Ask Reuben

Early Access Program (2024)

What is an Early Access Program?

Why is this Early Access Program shorter? 

Should I participate in an Early Access Program? 

What happens if I don’t participate in an Early Access Program?

Before reading this, you should hopefully have seen the announcement about the Version 5 EAP (Early Access Program) in the Product News section of the website, and/or the post in the forums.  If not you need to make sure your processes are such that you are alerted by these, that is an RSS feed or similar for the website pages, and forum notifications enabled for the forum posts.

With the version 4 release, I had an Ask-Reuben article about Early Access Programs that formed the basis of this page on the website.  Looking back at that article I am quite happy with what I wrote and there is not much I’d change.  So apart from the odd place where it is timestamped with version numbers and references to particular versions I think it has stood the test of time and I’d encourage you to read it or the webpage again.

What that article has also done is it has been very prophetic.  There have been several times since 4.00 was released where customers have downloaded 4.00 for the first time many months after the general availability release date  and commented upon some of the differences associated with the move from Native Rendering to Universal Rendering.   Those differences were typically present in the Early Access Program for 4.00 and even 3.20 before that.  So if you fall into this category, the following three paragraphs were from that Ask-Reuben article in the middle of 2021  …

What happens if I don’t participate in an EAP?

The biggest danger is that we change something that breaks your code or changes your application on some way.

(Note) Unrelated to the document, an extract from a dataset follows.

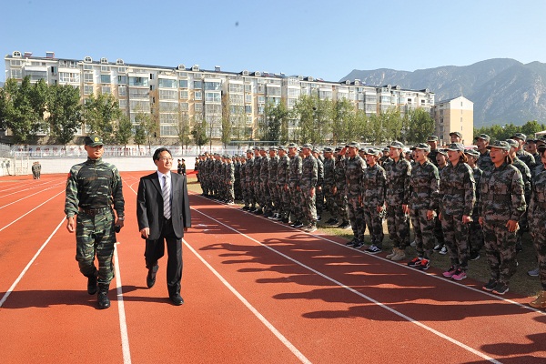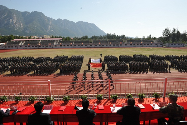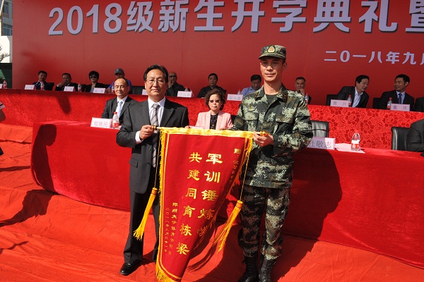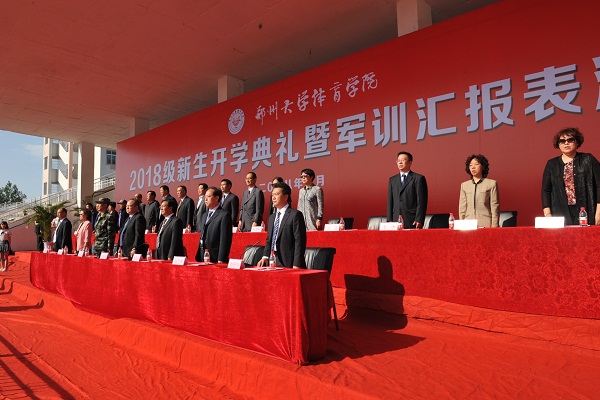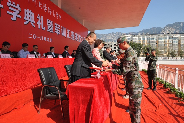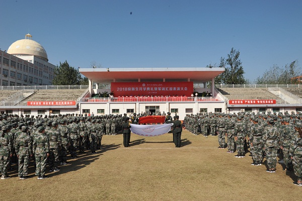 9月21日上午9点,我院2018级新生开学典礼暨军训汇报表演大会在登封校区田径场隆重举行。我院党委书记张绍通,院长杨国安,副院长刘卫华、周毅刚,院党委副书记、工会主席刘丹宁,院纪委书记郑焕民,武警某部第八支队参谋长杜敬志,院属相关职能部门、各系、登封校区负责同志,全体军训教官、校区全体教职工及大一新生参加大会。会议由院党委副书记、工会主席刘丹宁主持,杨国安院长检阅方队阅兵式并代表学院向承训的武警某部第八支队赠送感谢锦旗,副院长刘卫华宣读关于表彰2018级新生军训先进集体和个人的决定,院党委书记张绍通作总结讲话。

We try not to do this, but it can happen.  During the EAP we have more options available to us to resolve any issue.  If you don’t participate in the EAP and only discover an issue after the release has occurred, then you may be in a position where you have to wait until a maintenance release for the issue to be resolved, or we may decide that this is the future path and you have to amend your code.

Also if we add any new feature, when you go to use it at a later date, you may find that you are restricted in its use because it is missing a feature that is important to you.

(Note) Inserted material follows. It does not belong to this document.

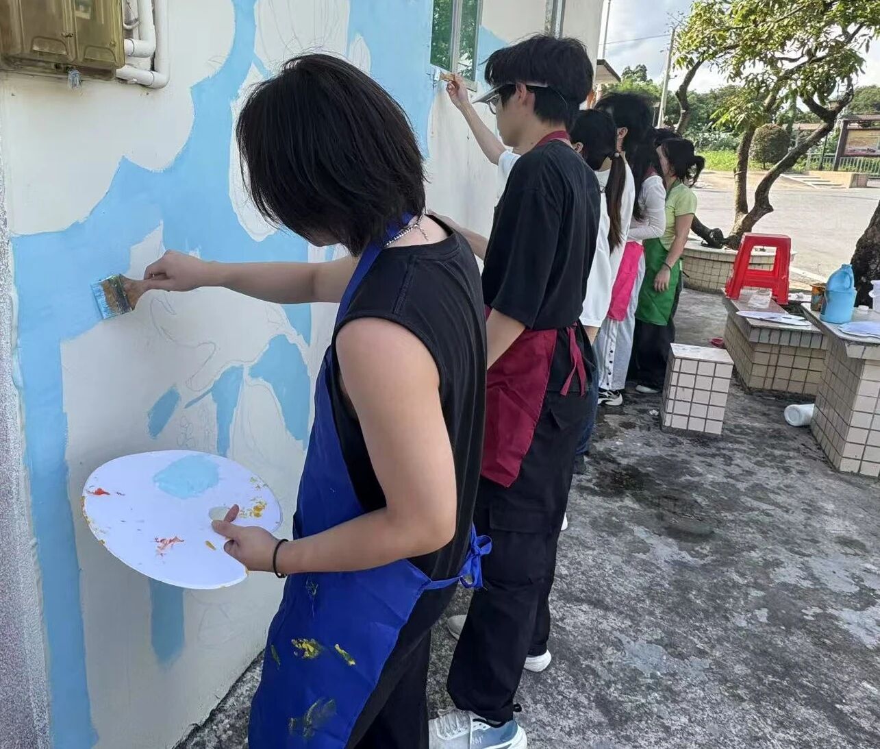 团队成员们分工明确、配合默契。有人负责调配色彩,确保每一种颜料都能精准还原设计稿的要求;有人手持滚筒,细致地为墙面均匀上色;还有人在一旁仔细观察,及时调整色彩的浓淡与衔接。烈日下,汗水浸湿了衣衫,但大家的热情丝毫不减,反而愈燃愈烈。

It is much more difficult for us to make change after a release has occurred.  With any subsequent maintenance release we …

  • don’t want to force developers to edit 4gl code in order to install a maintenance release
  • don’t want to force developers to compile 4gl code as part of installing a maintenance release
  • don’t want to force concurrent installation of two or more of our products as part of a maintenance release

The best time for us to make changes is in the EAP period BEFORE a product is released to GA.

I intend to skip a release, should I participate in the EAP?

The decision to participate is always upto you and you need to weigh up the positives and negatives of participating, and just what your level of commitment is.

I will give you this example, in recent months I have seen customers upgrading from 2.50 to 3.20 i.e skipping 3.00, 3.10.  They have encountered issues where upon analysis we discover that some behaviour was changed between 2.50 and 3.00, and they are the first to report a negative impact of this change.   If they had participated in the 3.00 EAP 6 years ago  we could have take their feedback into account and made adjustments accordingly, but now 6 years later we have to consider that users of 3.00, 3.10, 3.20 are accepting of the change in behaviour.

Is there any particular reason I should look at this EAP (4.00)?

This is the first release with the user interface standardised on Universal Rendering.  Native Rendering is no longer shipped inside the front-end clients.  If you have not taken the opportunity to review Universal Rendering in any of the 3.xx releases then this is your last chance.

… hopefully you can look back and think perhaps I should have invested more resources to the EAP and provided feedback earlier.

The v5 release in early 2024 has less change than v4.  The Early Access Program is only scheduled for two months, not six, although that can change if there is a lot of feedback.  I would describe v5 as more about performance, stability and consolidation than a big technical change as the transformation from Native to Universal Rendering was.